Geocentric Advantages & Disadvantages
A geocentric company is one where the management looks at staffing opportunities on a multinational scale. Instead of focusing on the way that business gets done in a given country, it looks at how to conduct business anywhere in the world based on common ways of communicating.
Geocentricity can be applied to hiring practices when you mix people from all of your locations equally based on their competencies rather than their home country.
Main Advantages of a Geocentric Business
Given that the entire world is drawing closer together, geocentric approaches are a fantastic way for international businesses to reach economies of scale.
Creating ways of doing business that are sensitive to different styles of communication or business in other countries makes it easier for you to communicate if you need to have subsidiaries elsewhere.
On the other hand, given the large number of host country nationals (sometimes called hcns) in the United States, it can also make it easier for you to do business with people in your own backyard when they have different cultures.
Geocentric Business Disadvantages
Geocentric staffing policies pose two key challenges.
First, you will need to find managers and employees that have the ability to adopt multiple styles at once.
Second, you lose some of the benefit of being an expert in any local markets.
An alternative if your business only does business in one additional country is to adopt a polycentric approach.
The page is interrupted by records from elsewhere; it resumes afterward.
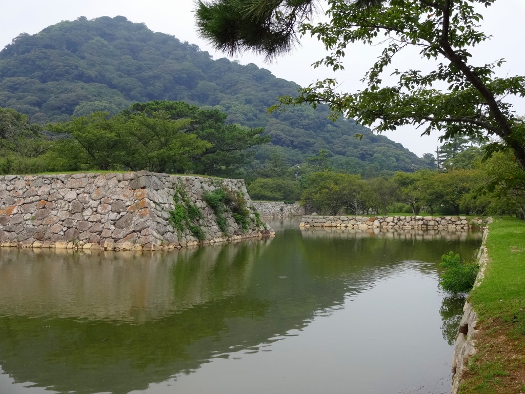 天守閣等の建物はすべて残っていませんが、石垣や堀が残っています。また、園内には梨羽家茶室や家老福原家書院、志都岐山神社等がありましたが、全般的に木がうっそうとしげっており、天気が悪い日は、やや怖いです。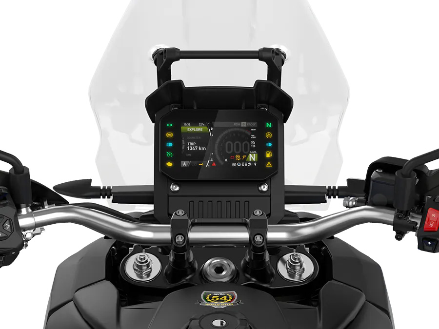Cada parámetro está bajo control gracias a la intuitiva pantalla TFT de 5”, que ajusta automáticamente el brillo al entorno. La integración con el accesorio Aprilia MIA transforma la pantalla en un auténtico centro de conectividad, con navegación, llamadas y música siempre a mano, sin distracciones de la conducción.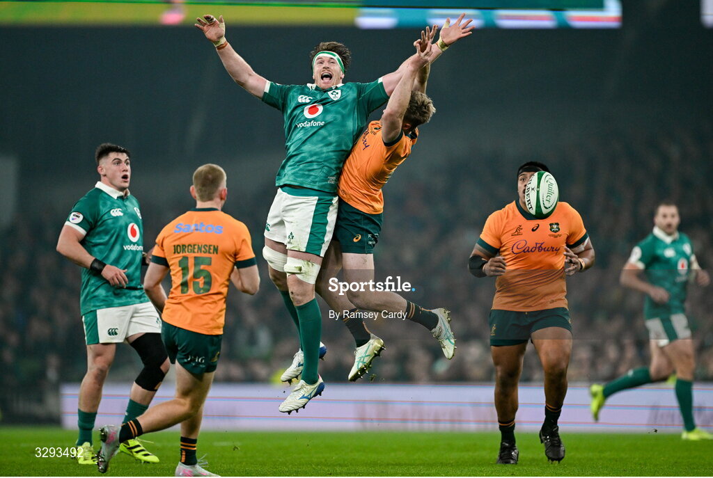 15 November 2025; Ryan Baird of Ireland in action against Harry Potter of Australia during the Quilter Nations Series 2025 match between Ireland and Australia at the Aviva Stadium in Dublin. Photo by Ramsey Cardy/Sportsfile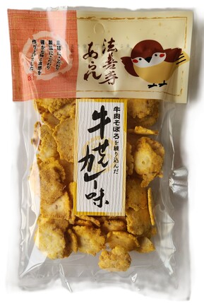 牛肉そぼろ煮を生地に練り込み、サクサク食感の煎餅に仕上げました。カレー風味。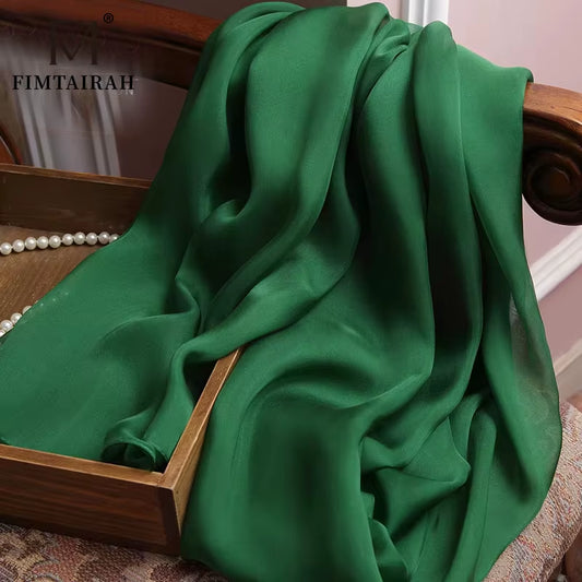100 Real Silk Scarf Women Silk Chiffon Scarf Dark Green Foulard Femme Lady Silk Shawls Wraps for Ladies Solid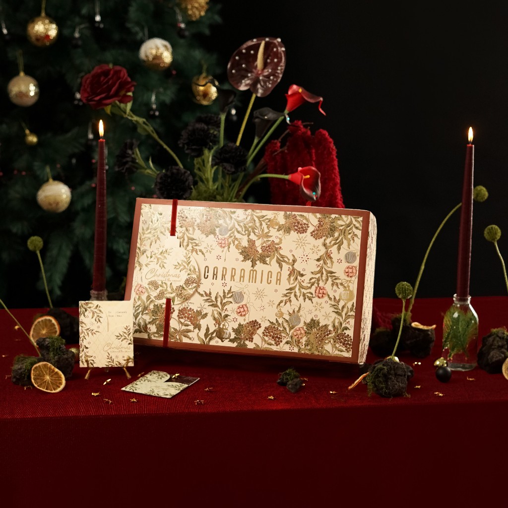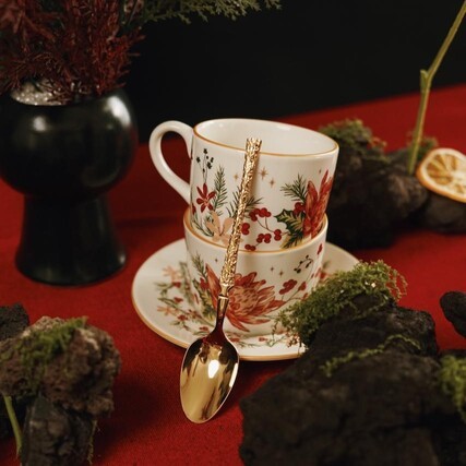Carramica Hampers Christmas Florette Tea Set/Gelas Piring XMAS Set Premium

This method of doing business looks for people that are able to follow the norms of the country in which they are actually doing business.
Looking for people who understand German culture to staff your Munich office would be an example of this. Cultural differences are one of many advantages & disadvantages in a polycentric staffing: they could quickly divide your office, or they could help foster creativity and innovation.
Divisions amongst staff can usually be attributed to the fact that many of your employees might have previously worked under an ethnocentric approach.
Ethnocentric staffing policies mean that employees were taught to analyze and evaluate different countries and cultures using their home country culture as a lens. Because of this, a parent company using a polycentric approach might have to invest in more international human resource management for their foreign subsidiaries to foster communication.
Geocentric Hiring Advantages
Geocentric hiring refers to putting the best people in key positions in your offices regardless of where they come from. If you have a star performer in your Taipei production office and your Toronto-based office needs them for a management position, you'd bring them over to the Toronto office under the geocentric model.
The key benefit of using every office as a pool for every other one is that it allows you to use all of your talent where it's most needed.
Geocentric Hiring Disadvantages
When you're a small business, you may not build the extensive global infrastructure that allows you to truly leverage a geocentric model. Given just a few offices outside the home country, the costs of the model may outweigh its benefits.
When you start pulling expatriates from overseas, your training and relocation costs can skyrocket while you also have the added complexity of dealing with visas and other immigration-related requirements. At the same time, you risk diluting the relational cultures in each of your offices.